Il la conduisit alors vers une chaise ; elle avait le visage pâle, la tête nue, les cheveux hérissés sur son front comme ceux d’un homme ; elle portait une robe de napolitaine, simple et de couleur brune, sillonnée en bas par plusieurs brûlures ; et ses pieds étaient chaussés de petites pantoufles de lisière.

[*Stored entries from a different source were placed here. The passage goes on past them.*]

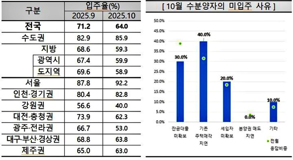 주택산업연구원 관계자는 “거래 침체와 대출 규제 강화가 맞물리면서 입주율 하락세가 당분간 이어질 것”이라며 “특히 미분양 증가와 기존 주택 매각 지연이 겹칠 경우 입주시장 위축이 더 심화될 가능성이 있다”고 전망했다.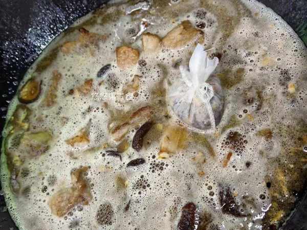 8.往裡面倒入一瓶啤酒,啤酒要超過食材。所以加入一瓶如果不夠,那就再加點,然後將鹵料包放在清水中洗凈。洗凈放入鍋中,隨後蓋上蓋子燜煮30分鐘;
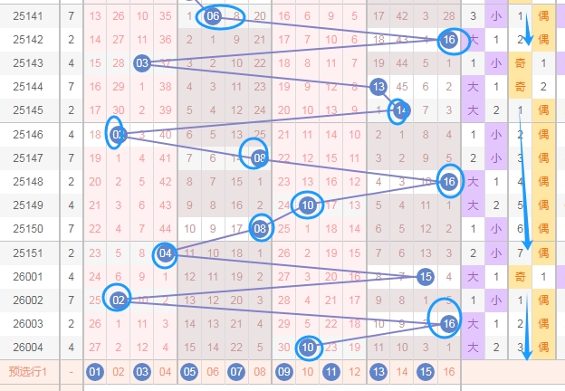 上图是福彩双色球红球号码走势图,我在上面画出来的蓝色小箭头都是遗漏周期小的数字,看上面蓝色小箭头,最近开出遗漏周期小的数字多,那么本期大家得关注那些遗漏周期大的数字,我在上面走势图中标注出来的数字16 20 23 25 27 29都是遗漏周期大的数字,关注这几个出2个或者3个吧。

En s’asseyant, elle dit à Dermoncourt, en lui serrant fortement le bras :

— Général, je n’ai rien à me reprocher ; j’ai rempli le devoir d’une mère pour reconquérir l’héritage d’un fils.

Sa voix était brève et accentuée. À peine assise, elle chercha des yeux les autres prisonniers et les aperçut, à l’exception de M. Guibourg, qu’elle fît demander.

Puis, se penchant vers Dermoncourt :

— Général, lui dit-elle, je désire n’être point séparée de mes compagnons d’infortune.

Le général le lui promit au nom du comte d’Erlon, espérant que le général en chef ferait honneur à sa parole.

Madame paraissait très-altérée, et, quoique pâle, elle était animée comme si elle avait eu la fièvre. Le général lui fit apporter un verre d’eau, dans lequel elle trempa ses lèvres ;. la fraîcheur la calma un peu. Dermoncourt lui proposa d’en boire un autre : elle accepta, et ce ne fut pas chose facile que de trouver tout de suite un second verre d’eau dans cette maison bouleversée. Enfin, on en apporta un ; mais la duchesse aurait été obligée de le boire sans sucre, si Dermoncourt n’avait avisé M. de Ménars dans un coin. L’idée lui vint, par bonheur, que celui-ci était homme à avoir du sucre sur lui. Il lui en demanda donc, comme s’il était sûr qu’il allait lui en donner ; en effet, en fouillant dans ses poches, M. de Ménars en trouva deux morceaux qu’il offrit au général. Là duchesse les fit fondre dans le verre, les tournant avec un coupe-papier, car il eût fallu trop de temps pour trouver une cuiller, et il était même inutile d’y songer. Lorsque la princesse eut bu, elle fit asseoir près d’elle Dermoncourt.